Exercise: Take the line containing "Featuring a powder" and each line after it through the end of the data below, and return them exactly, minus any pictures.

Given information: Begin

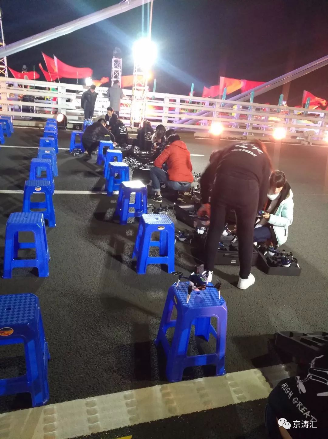 由航空学院任鹏老师带队,一月十九号签订保密协议,二十号前往深圳高巨创新无人机公司参加培训, 二十四到拍摄地港珠澳大桥进行排练,由于受到澳门航空管制和保密性,他们的表演都是在凌晨开始,清晨结束。
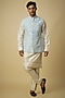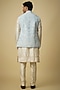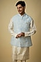 Featuring a powder blue bundi jacket in silk and tissue silk base. It is paired with a kurta, pants and a pocket square. Style it with loafers for a wedding, engagement or festive gatherings.
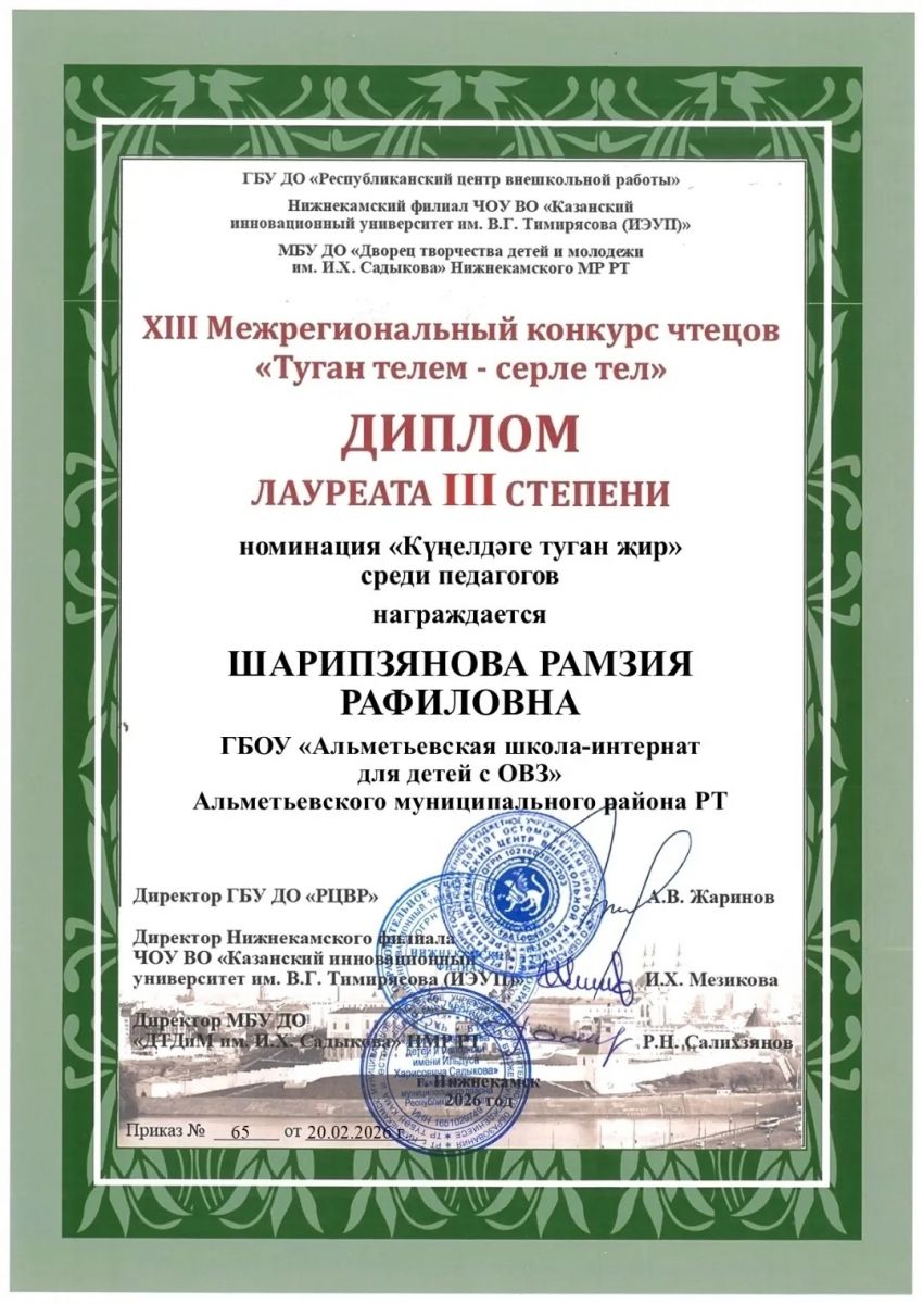 • Государственное бюджетное общеобразовательное учреждение "Альметьевская школа-интернат для детей с ограниченными возможностями здоровья"/ "Сәламәтлек мөмкинлекләре чикләнгән балалар өчен Әлмәт интернат-мәктәбе" дәүләт бюджет гомуми белем учреждениесе

Given information: End

Worked solution:
 Featuring a powder blue bundi jacket in silk and tissue silk base. It is paired with a kurta, pants and a pocket square. Style it with loafers for a wedding, engagement or festive gatherings.
 • Государственное бюджетное общеобразовательное учреждение "Альметьевская школа-интернат для детей с ограниченными возможностями здоровья"/ "Сәламәтлек мөмкинлекләре чикләнгән балалар өчен Әлмәт интернат-мәктәбе" дәүләт бюджет гомуми белем учреждениесе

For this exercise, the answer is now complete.